• REQUIRED ACTION
In the data below, locate the line containing "Cover Custodia compatibile" and the line containing "地味な魚というイメージが先行", then retype both and everything between them exactly. Pictures are not part of the copy.

• DATA PROVIDED
=== Begin Enclosure ===

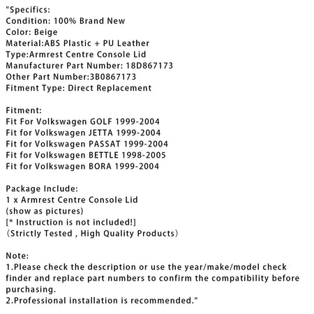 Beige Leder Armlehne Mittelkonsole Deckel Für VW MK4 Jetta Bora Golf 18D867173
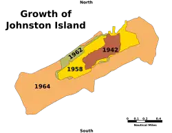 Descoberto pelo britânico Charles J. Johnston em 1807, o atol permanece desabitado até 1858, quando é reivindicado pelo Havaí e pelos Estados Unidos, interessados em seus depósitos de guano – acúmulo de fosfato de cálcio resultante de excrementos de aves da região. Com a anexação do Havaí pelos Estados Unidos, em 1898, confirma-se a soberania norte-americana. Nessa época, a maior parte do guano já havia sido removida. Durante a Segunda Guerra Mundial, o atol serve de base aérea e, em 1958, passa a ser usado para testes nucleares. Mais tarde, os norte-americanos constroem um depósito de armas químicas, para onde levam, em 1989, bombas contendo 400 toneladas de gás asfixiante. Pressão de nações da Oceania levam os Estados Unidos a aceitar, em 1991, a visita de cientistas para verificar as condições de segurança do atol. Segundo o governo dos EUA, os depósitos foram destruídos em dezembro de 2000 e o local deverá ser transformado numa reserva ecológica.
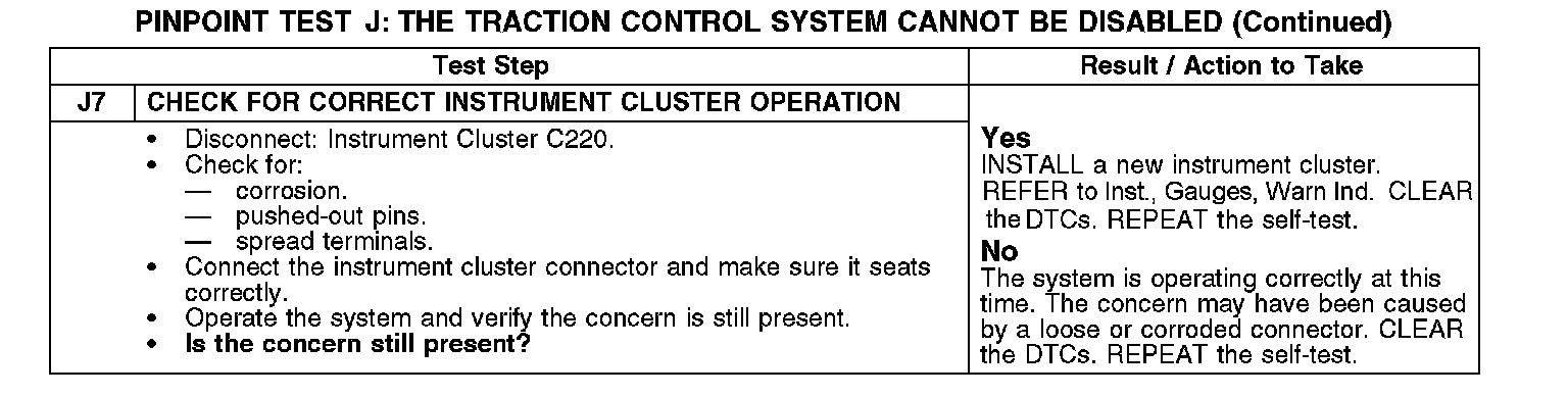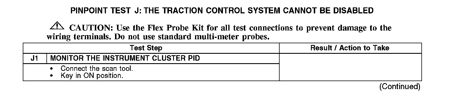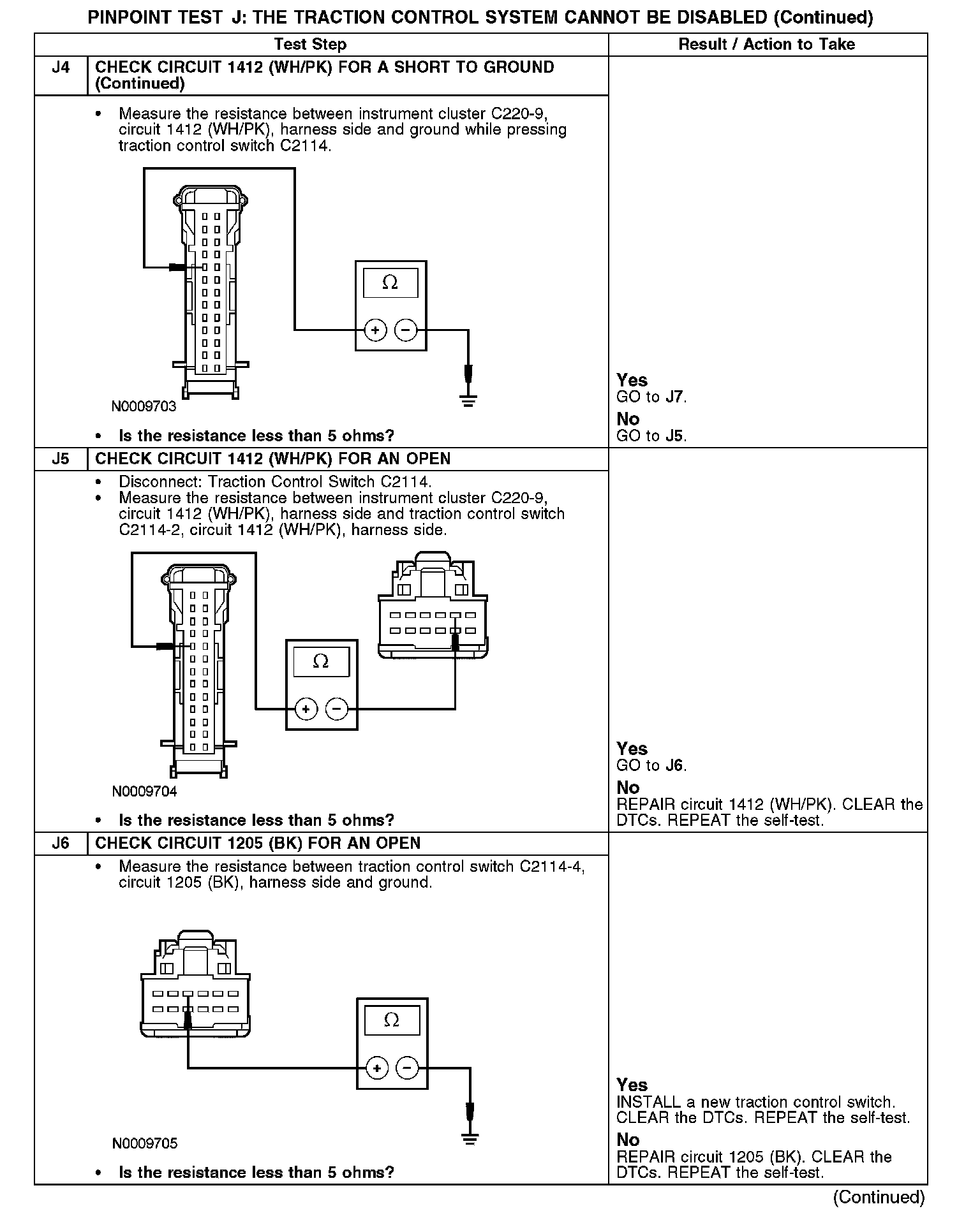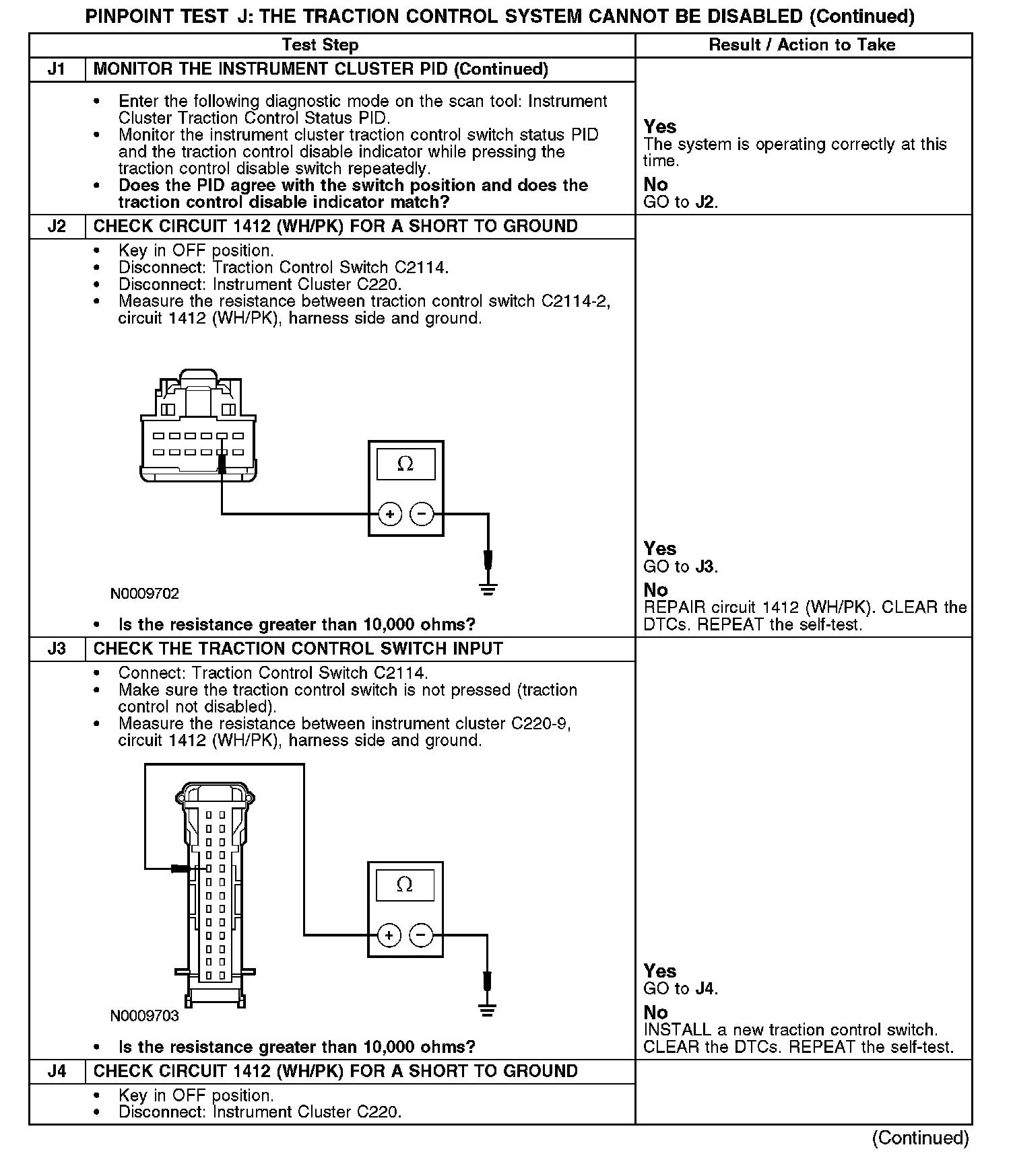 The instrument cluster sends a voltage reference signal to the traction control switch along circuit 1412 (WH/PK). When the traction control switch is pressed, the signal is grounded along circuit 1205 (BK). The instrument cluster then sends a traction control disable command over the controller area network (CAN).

=== End Enclosure ===
=== Begin Enclosure ===

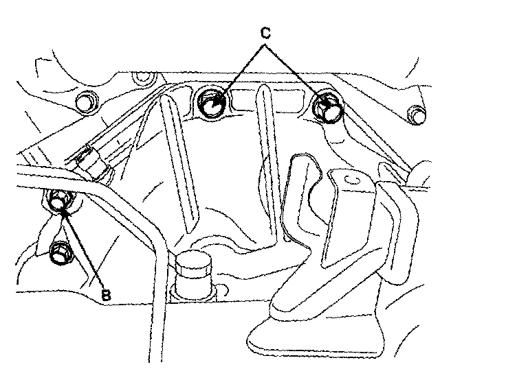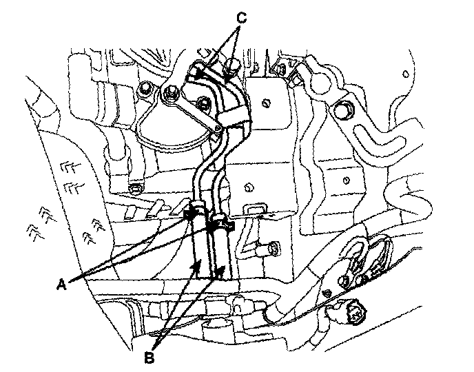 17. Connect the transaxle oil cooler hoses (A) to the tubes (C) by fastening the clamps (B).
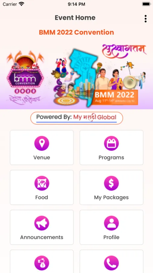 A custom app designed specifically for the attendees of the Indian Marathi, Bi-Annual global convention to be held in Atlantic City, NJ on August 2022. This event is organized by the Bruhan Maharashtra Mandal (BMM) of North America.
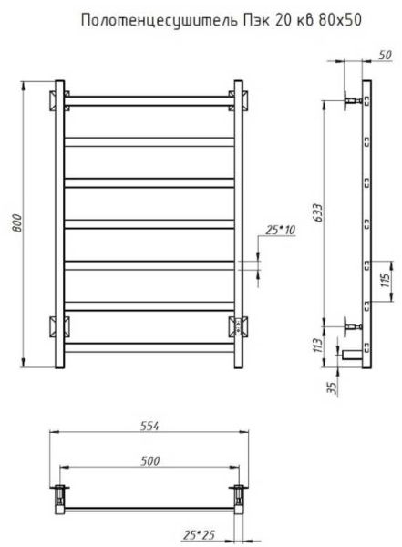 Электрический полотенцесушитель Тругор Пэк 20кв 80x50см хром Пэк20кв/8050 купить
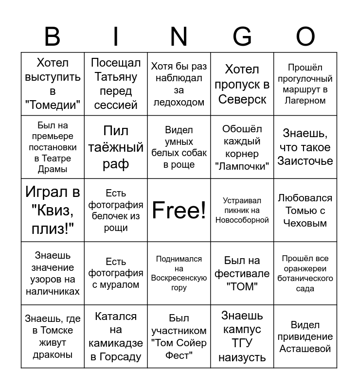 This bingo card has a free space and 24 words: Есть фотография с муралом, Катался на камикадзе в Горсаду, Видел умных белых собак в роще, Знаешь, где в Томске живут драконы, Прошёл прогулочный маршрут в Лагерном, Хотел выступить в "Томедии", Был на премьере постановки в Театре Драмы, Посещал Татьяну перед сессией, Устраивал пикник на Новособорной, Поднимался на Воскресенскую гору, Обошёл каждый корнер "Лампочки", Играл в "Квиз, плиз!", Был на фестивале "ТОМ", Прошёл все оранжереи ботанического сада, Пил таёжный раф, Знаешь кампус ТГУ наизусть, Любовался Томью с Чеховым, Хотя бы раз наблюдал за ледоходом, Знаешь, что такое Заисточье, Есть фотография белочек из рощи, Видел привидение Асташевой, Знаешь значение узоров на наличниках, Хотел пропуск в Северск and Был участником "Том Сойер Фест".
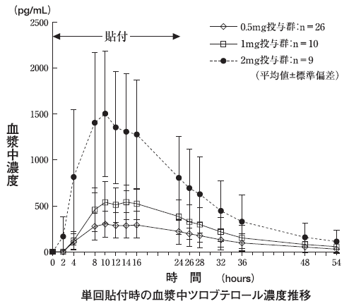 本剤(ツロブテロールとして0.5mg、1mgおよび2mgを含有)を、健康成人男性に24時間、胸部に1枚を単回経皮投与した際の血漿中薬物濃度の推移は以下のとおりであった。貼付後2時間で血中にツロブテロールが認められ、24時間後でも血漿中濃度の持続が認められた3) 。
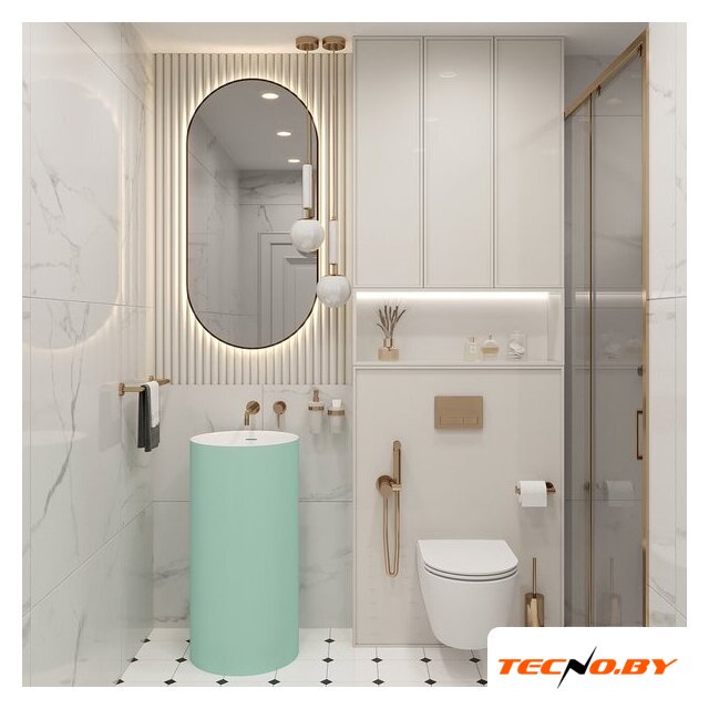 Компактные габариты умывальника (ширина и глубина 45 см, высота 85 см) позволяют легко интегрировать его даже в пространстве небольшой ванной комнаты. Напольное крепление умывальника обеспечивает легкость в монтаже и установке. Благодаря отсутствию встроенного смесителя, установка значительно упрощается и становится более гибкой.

=== End Enclosure ===
=== Begin Enclosure ===

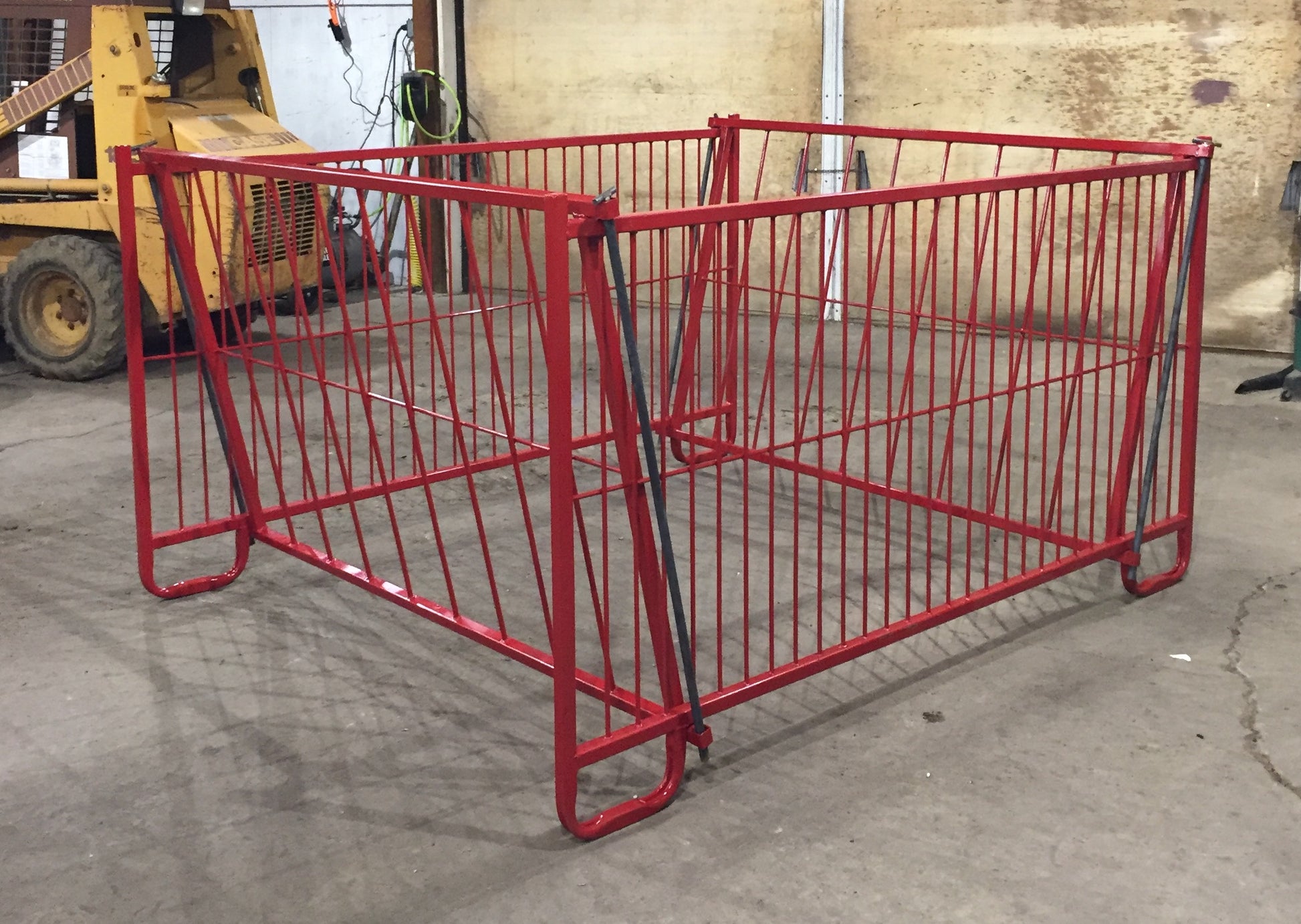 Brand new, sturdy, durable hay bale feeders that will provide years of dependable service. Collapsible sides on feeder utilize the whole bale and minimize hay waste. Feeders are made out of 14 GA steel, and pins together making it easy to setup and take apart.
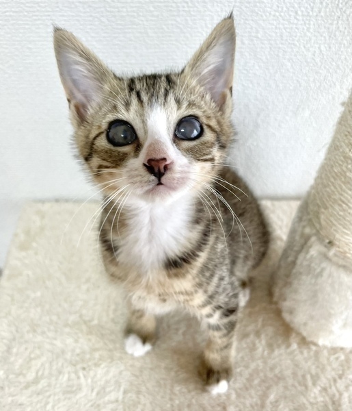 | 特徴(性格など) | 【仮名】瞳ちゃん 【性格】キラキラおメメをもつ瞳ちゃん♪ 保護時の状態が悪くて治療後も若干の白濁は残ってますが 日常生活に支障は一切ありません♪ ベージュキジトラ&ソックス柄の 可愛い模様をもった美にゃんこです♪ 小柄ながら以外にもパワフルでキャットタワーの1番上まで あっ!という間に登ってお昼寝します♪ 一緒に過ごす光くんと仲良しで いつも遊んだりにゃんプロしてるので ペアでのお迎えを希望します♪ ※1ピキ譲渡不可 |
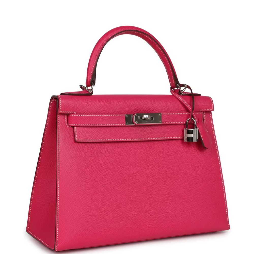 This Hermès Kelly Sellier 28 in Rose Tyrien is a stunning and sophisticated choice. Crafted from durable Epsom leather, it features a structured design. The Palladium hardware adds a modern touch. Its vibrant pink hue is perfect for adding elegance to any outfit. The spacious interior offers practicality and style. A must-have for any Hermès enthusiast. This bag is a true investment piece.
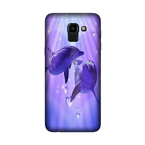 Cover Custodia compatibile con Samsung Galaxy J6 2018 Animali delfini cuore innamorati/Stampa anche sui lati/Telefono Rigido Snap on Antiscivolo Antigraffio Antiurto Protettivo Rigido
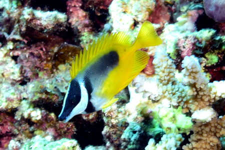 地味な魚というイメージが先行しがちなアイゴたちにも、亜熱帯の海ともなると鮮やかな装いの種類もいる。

=== End Enclosure ===

• OUTPUT BELOW
 Cover Custodia compatibile con Samsung Galaxy J6 2018 Animali delfini cuore innamorati/Stampa anche sui lati/Telefono Rigido Snap on Antiscivolo Antigraffio Antiurto Protettivo Rigido
 地味な魚というイメージが先行しがちなアイゴたちにも、亜熱帯の海ともなると鮮やかな装いの種類もいる。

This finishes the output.